*TASK INSTRUCTIONS*.
Begin at the line below that holds "第3部 未経産ジュニアクラス(12ヶ月以上、14ヶ月未満)" and end at the line that holds "Completed in 1902, the", transcribing each line exactly and skipping any picture.

*RAW DATA*.

+++++

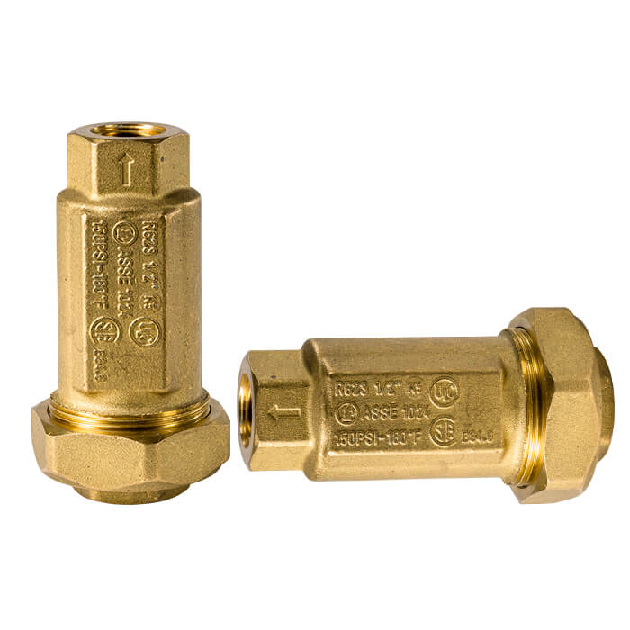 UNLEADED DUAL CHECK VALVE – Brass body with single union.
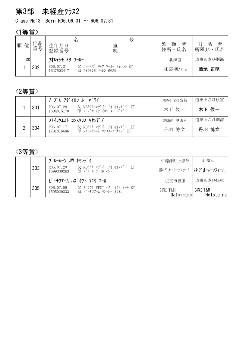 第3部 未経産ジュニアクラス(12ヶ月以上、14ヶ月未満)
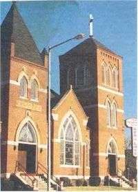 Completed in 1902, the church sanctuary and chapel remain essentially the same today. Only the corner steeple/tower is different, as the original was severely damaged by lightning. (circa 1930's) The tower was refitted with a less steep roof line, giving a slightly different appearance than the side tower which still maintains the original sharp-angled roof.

+++++

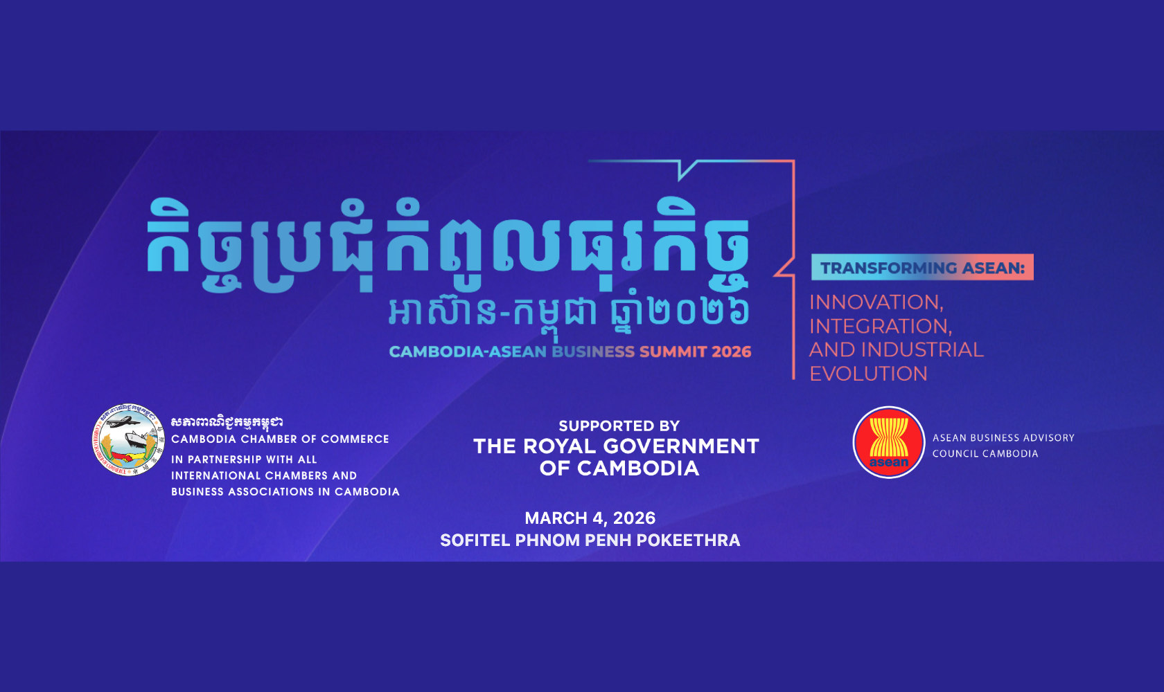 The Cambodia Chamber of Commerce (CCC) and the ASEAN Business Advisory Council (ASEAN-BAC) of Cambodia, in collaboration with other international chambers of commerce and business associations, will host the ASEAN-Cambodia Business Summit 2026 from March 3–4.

+++++

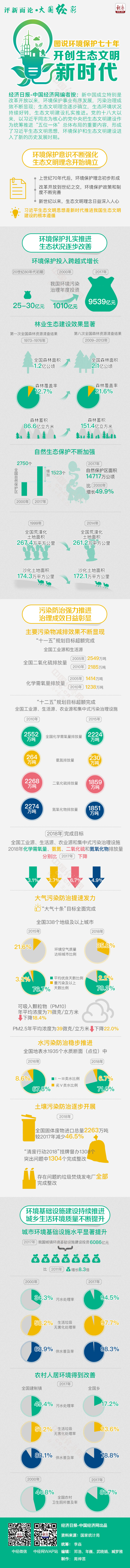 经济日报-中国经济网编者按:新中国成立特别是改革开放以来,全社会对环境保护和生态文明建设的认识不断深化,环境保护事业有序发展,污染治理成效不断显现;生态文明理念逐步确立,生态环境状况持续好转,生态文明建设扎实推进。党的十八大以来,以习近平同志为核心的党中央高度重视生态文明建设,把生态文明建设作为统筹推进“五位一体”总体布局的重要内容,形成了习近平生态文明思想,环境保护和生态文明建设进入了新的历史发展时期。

+++++

*EXERCISE ANSWER*.
 第3部 未経産ジュニアクラス(12ヶ月以上、14ヶ月未満)
 Completed in 1902, the church sanctuary and chapel remain essentially the same today. Only the corner steeple/tower is different, as the original was severely damaged by lightning. (circa 1930's) The tower was refitted with a less steep roof line, giving a slightly different appearance than the side tower which still maintains the original sharp-angled roof.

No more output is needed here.